Set down every line of the data exactly, skipping the pictures.
━━━━━ Supplied information ━━━━━
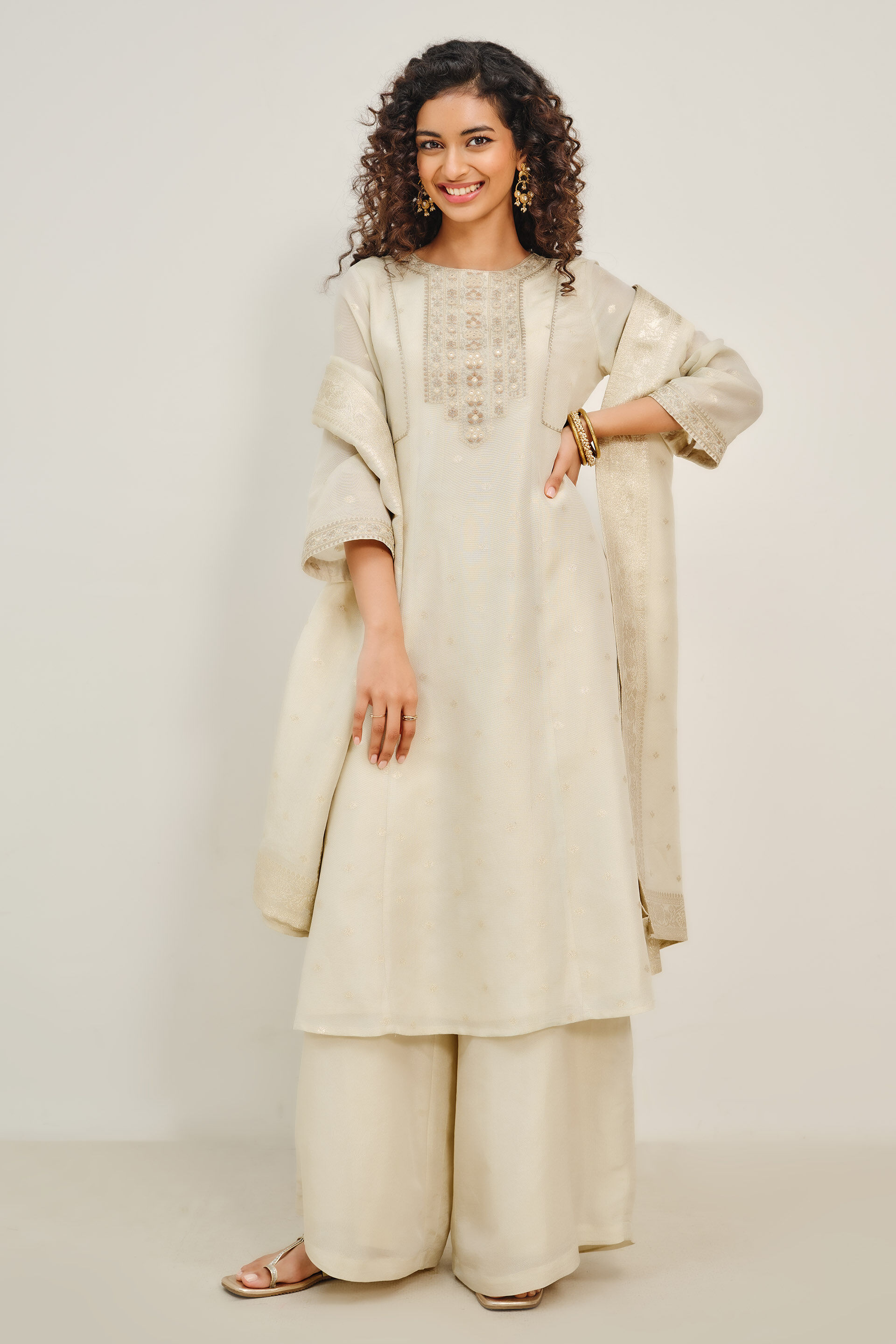 Graceful and timeless, this set pairs a textured long kurta with straight pants and a rich jacquard dupatta. The soft ivory tone and subtle weave lend a festive glow that feels equal parts elegant and easy.
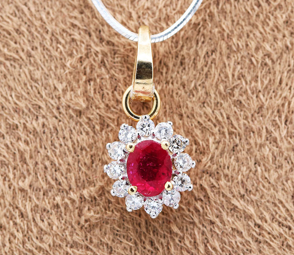 อัญมณีทับทิมและเพชรที่มีค่าธรรมชาติ14K จี้ทองคำสีเหลืองเข้มทำด้วยมือสำหรับผู้หญิงขายส่ง
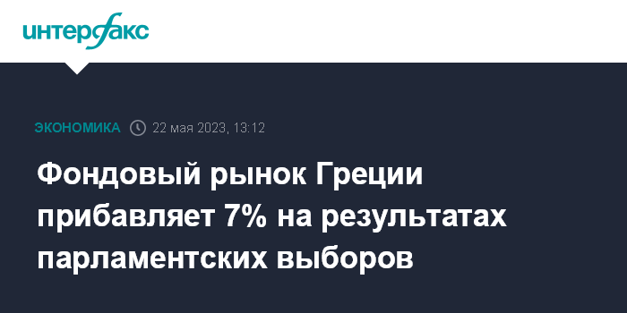 Москва. 22 мая. INTERFAX.RU - Греческий фондовый индекс Athex Composite прибавляет 7% на торгах 22 мая на итогах парламентских выборов, где правящая партия получила существенное преимущество перед ближайшим конкурентом.
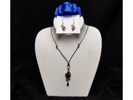 Necklace- Beautiful Sterling Silver Pendant with clear and smokey topaz swarovski glass and pyrite stones displayed on Grey Leather "chain". Wear with your aged Silver earrings
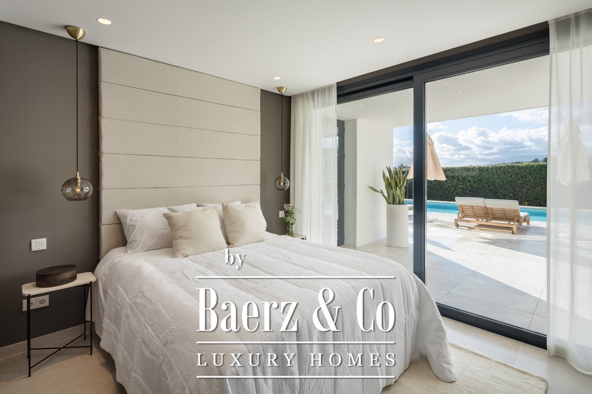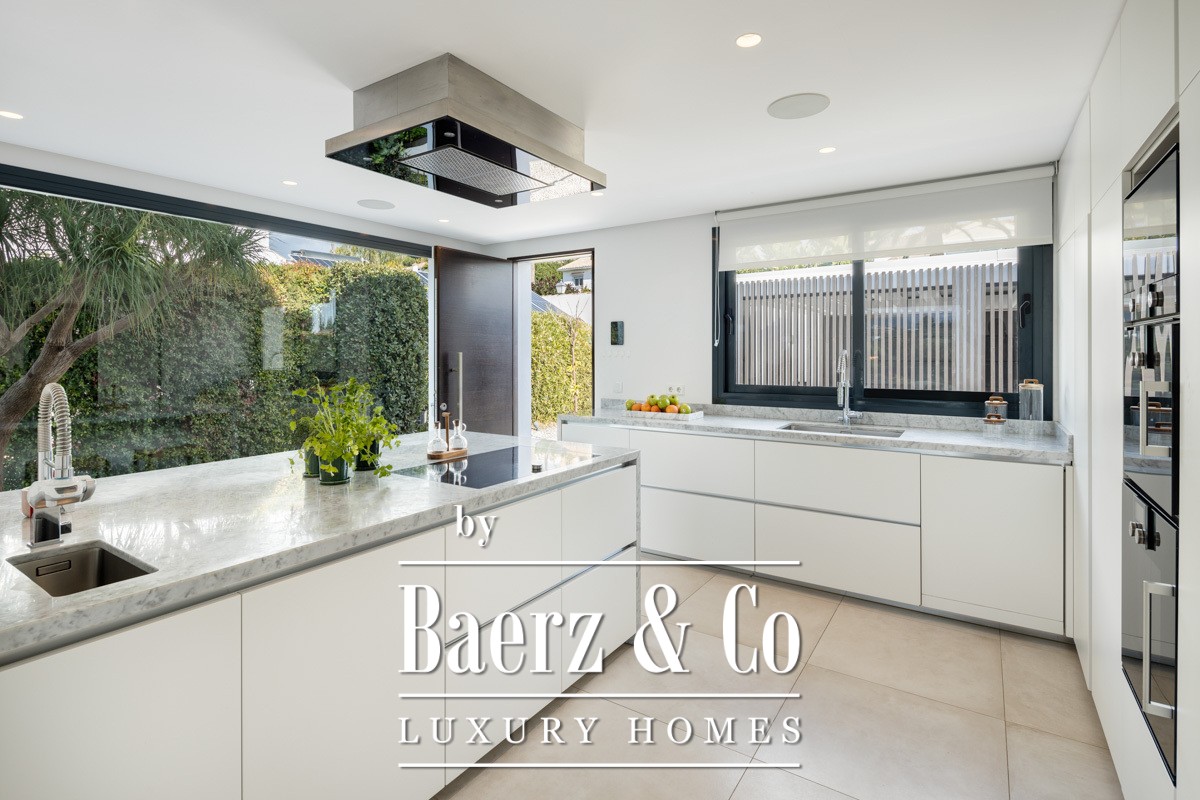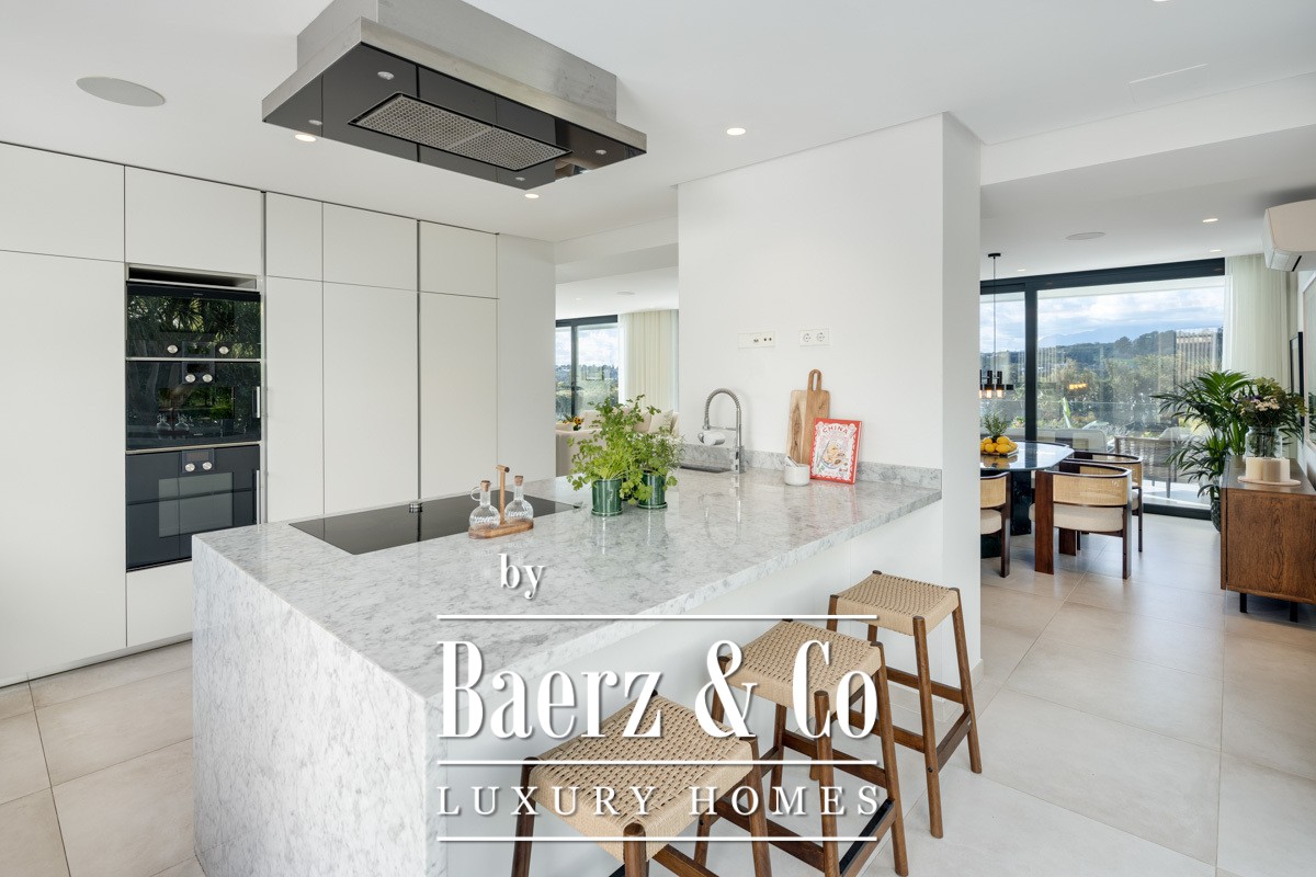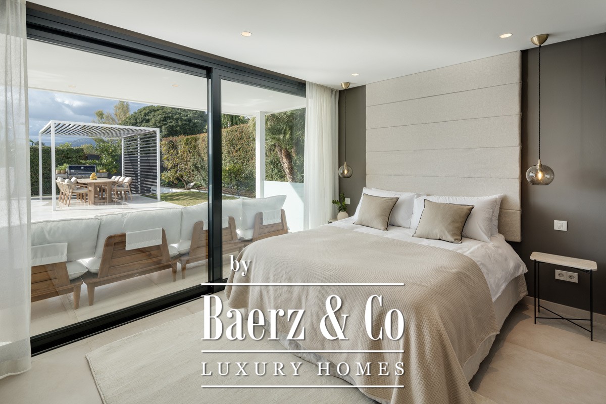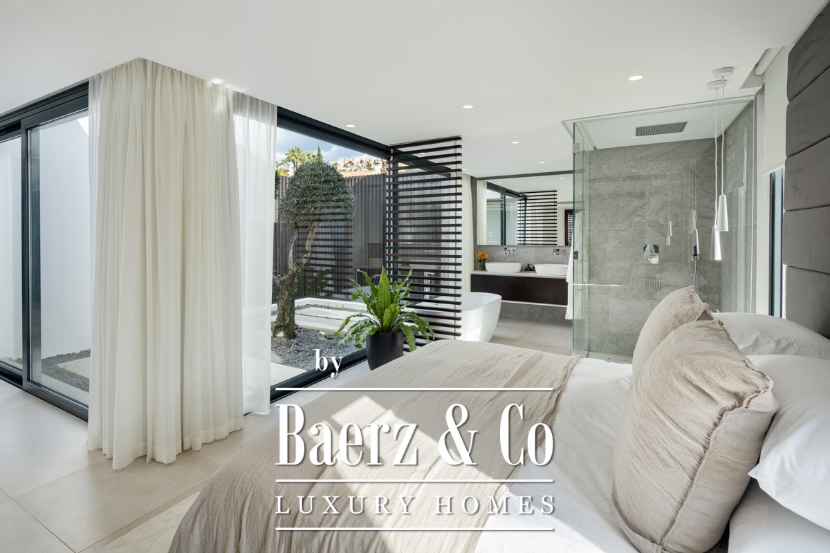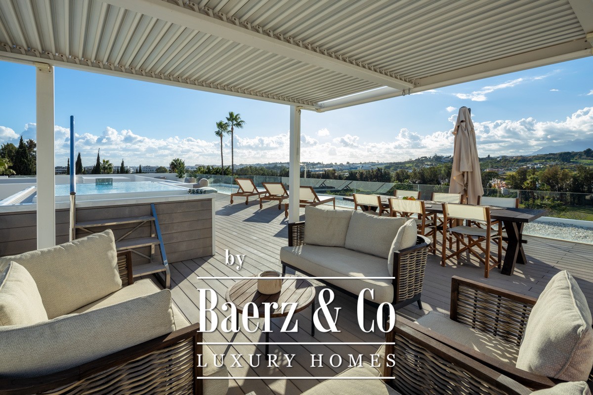 Marbella前线高尔夫Nueva Andalucía别墅,完美契合了现代设计与尊贵地段的稀有融合。这座现代化六卧四卫别墅,建筑面积342平方米,位于1090平方米的用地上。阳光充盈开阔的开放式空间,每一条线条与表面都展露出精致品味。私家露台自然延展,框景高尔夫球场及环绕山峦。日光浴区配备按摩浴缸,邀您静享悠然午后,私人泳池与烧烤露台则为社交聚会或安静休憩提供理想场所。
━━━━━
Exercise solution:
 Graceful and timeless, this set pairs a textured long kurta with straight pants and a rich jacquard dupatta. The soft ivory tone and subtle weave lend a festive glow that feels equal parts elegant and easy.
 อัญมณีทับทิมและเพชรที่มีค่าธรรมชาติ14K จี้ทองคำสีเหลืองเข้มทำด้วยมือสำหรับผู้หญิงขายส่ง
 Москва. 22 мая. INTERFAX.RU - Греческий фондовый индекс Athex Composite прибавляет 7% на торгах 22 мая на итогах парламентских выборов, где правящая партия получила существенное преимущество перед ближайшим конкурентом.
 Necklace- Beautiful Sterling Silver Pendant with clear and smokey topaz swarovski glass and pyrite stones displayed on Grey Leather "chain". Wear with your aged Silver earrings
 Marbella前线高尔夫Nueva Andalucía别墅,完美契合了现代设计与尊贵地段的稀有融合。这座现代化六卧四卫别墅,建筑面积342平方米,位于1090平方米的用地上。阳光充盈开阔的开放式空间,每一条线条与表面都展露出精致品味。私家露台自然延展,框景高尔夫球场及环绕山峦。日光浴区配备按摩浴缸,邀您静享悠然午后,私人泳池与烧烤露台则为社交聚会或安静休憩提供理想场所。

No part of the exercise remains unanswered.